Et statuant à nouveau,
Dire et juger que le licenciement dont Monsieur [C] a fait l'objet est sans cause réelle et sérieuse
Condamner en outre la société TLD Europe à payer à Monsieur [C] la somme de 29 311,44 euros à titre d'indemnité pour licenciement sans cause réelle et sérieuse (12 mois de salaire).
Condamner la société TLD Europe à payer à Monsieur [C] la somme de 6000 euros à titre d'indemnité pour licenciement vexatoire.
Condamner la société TLD Europe à payer à Monsieur [C] la somme de 2 442,62 euros à titre d'indemnité pour non-respect de la procédure de licenciement.
Ordonner, sous astreinte définitive de 150 euros par jour de retard, la communication du bulletin de salaire, de l'attestation Pôle emploi et du certificat de travail modifiés, en y incluant notamment la période de préavis, à compter de la décision à intervenir.
Y ajoutant,
Condamner la société TLD Europe à payer à Monsieur [C] la somme de 2500 euros sur le fondement de l'article 700 du code de procédure civile.
Condamner la société TLD Europe aux entiers dépens étant précisé que Monsieur [C] est bénéficiaire de l'aide juridictionnelle totale sous le n° C-45234-2023-002361.
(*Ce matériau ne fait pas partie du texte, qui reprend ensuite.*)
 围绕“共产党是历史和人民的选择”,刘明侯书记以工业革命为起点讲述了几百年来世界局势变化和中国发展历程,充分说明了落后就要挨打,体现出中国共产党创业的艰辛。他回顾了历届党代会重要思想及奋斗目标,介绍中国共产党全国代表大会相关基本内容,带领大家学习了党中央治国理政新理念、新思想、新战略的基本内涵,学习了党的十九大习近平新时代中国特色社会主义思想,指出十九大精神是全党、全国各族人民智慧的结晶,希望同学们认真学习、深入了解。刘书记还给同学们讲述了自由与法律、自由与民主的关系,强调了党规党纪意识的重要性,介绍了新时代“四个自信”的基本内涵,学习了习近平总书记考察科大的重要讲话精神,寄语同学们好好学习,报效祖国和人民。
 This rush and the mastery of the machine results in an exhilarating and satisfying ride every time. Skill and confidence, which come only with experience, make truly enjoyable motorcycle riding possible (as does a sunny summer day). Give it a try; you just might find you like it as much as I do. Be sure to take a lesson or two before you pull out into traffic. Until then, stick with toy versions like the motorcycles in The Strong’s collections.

L'ordonnance de clôture a été rendue le 5 avril 2024.
MOTIFS DE LA DÉCISION
Sur la recevabilité de la constitution de M. [C] intimé
L'article 902 du code de procédure civile énonce que le greffe adresse, aussitôt après la remise de la déclaration d'appel, à chacun des intimés par lettre simple un exemplaire de la déclaration d'appel et que lorsque l'intimé n'a pas conclu dans le délai d'un mois à compter de l'envoi de la lettre de notification, le greffier en avise l'avocat de l'appelant afin que celui-ci procède par voie de signification de la déclaration d'appel. Le même article ajoute que, à peine de nullité, l'acte de signification indique à l'intimé que faute pour lui de constituer avocat dans le délai de 15 jours, il s'expose à ce qu'un arrêt soit rendu contre lui sur les seuls éléments fournis par son adversaire et que faute de conclure dans le délai mentionné à l'article 909 du code de procédure civile il s'expose à ce que ses écritures soient déclarées d'office irrecevables.
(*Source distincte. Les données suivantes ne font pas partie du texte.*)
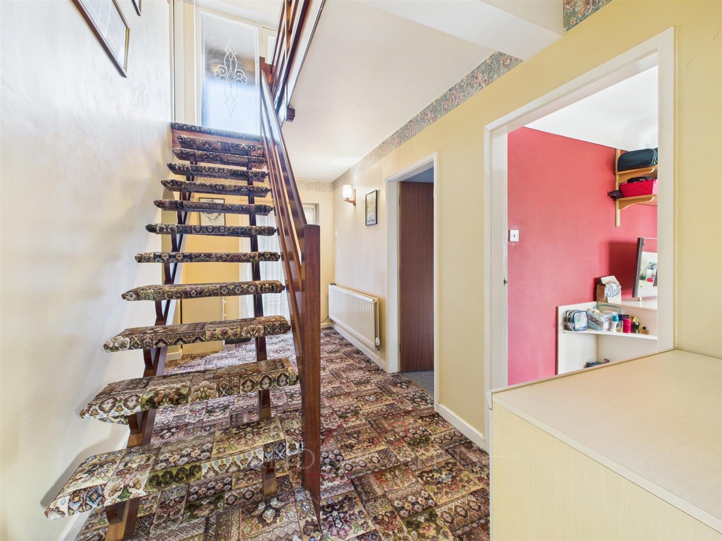 Enter a bright and airy hallway. The space is warm and inviting, with a coved ceiling, central ceiling light, and a single-panel radiator providing comfort. A staircase leads down to the bedroom accommodation, while doors open to the lounge and the expansive open-plan kitchen and dining area. A wall-mounted alarm system and smoke alarm add security and peace of mind. Doors lead to: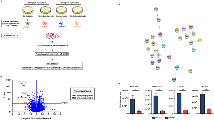 实验目的是系统鉴定DLK调控的下游磷酸化蛋白质。方法细节:将对照组与DLK敲减组细胞用20μM维甲酸处理24小时,提取总蛋白后采用iTRAQ试剂标记肽段,通过TiO2磁珠富集磷酸化肽段,利用纳米液相色谱-串联质谱(nanoLC-MS/MS)进行检测,借助Proteome Discoverer软件分析差异磷酸化肽段(筛选标准:P<0.05,z score>2)。结果解读:共鉴定到4942个磷酸化肽段,其中32个肽段的丰度在DLK敲减组中发生显著变化,对应27个差异磷酸化蛋白质;STRING互作网络分析显示这些蛋白主要富集于神经系统发育相关通路,其中巢蛋白的两个磷酸化肽段(Ser-894、Ser-1837)丰度降低最为显著(n=2,P<0.05)。

En application de l'article 909 du code de procédure civile, l'intimé dispose, à peine d'irrecevabilité relevée d'office, d'un délai de trois mois à compter de la notification des conclusions de l'appelant prévues à l'article 908 pour remettre ses conclusions au greffe et former, le cas échéant, appel incident ou appel provoqué.
L'employeur a interjeté appel le 3 janvier 2023. Informé par le greffe que l'intimé n'avait pas constitué avocat, il a adressé ses conclusions et le bordereau des pièces par voie électronique au greffe de la cour le 17 mars 2023. Par acte de commissaire de justice du 28 mars 2023 remis à personne, l'employeur a fait signifier les documents suivants : le jugement, la déclaration d'appel, l'avis d'avoir à signifier ses conclusions d'appel, le bordereau des pièces, ses conclusions remises au greffe de la cour et les pièces n° 1 à 23.
L'intimé a constitué avocat le 1er juin 2023 et a signifié ses conclusions par RPVA le 22 juin 2023.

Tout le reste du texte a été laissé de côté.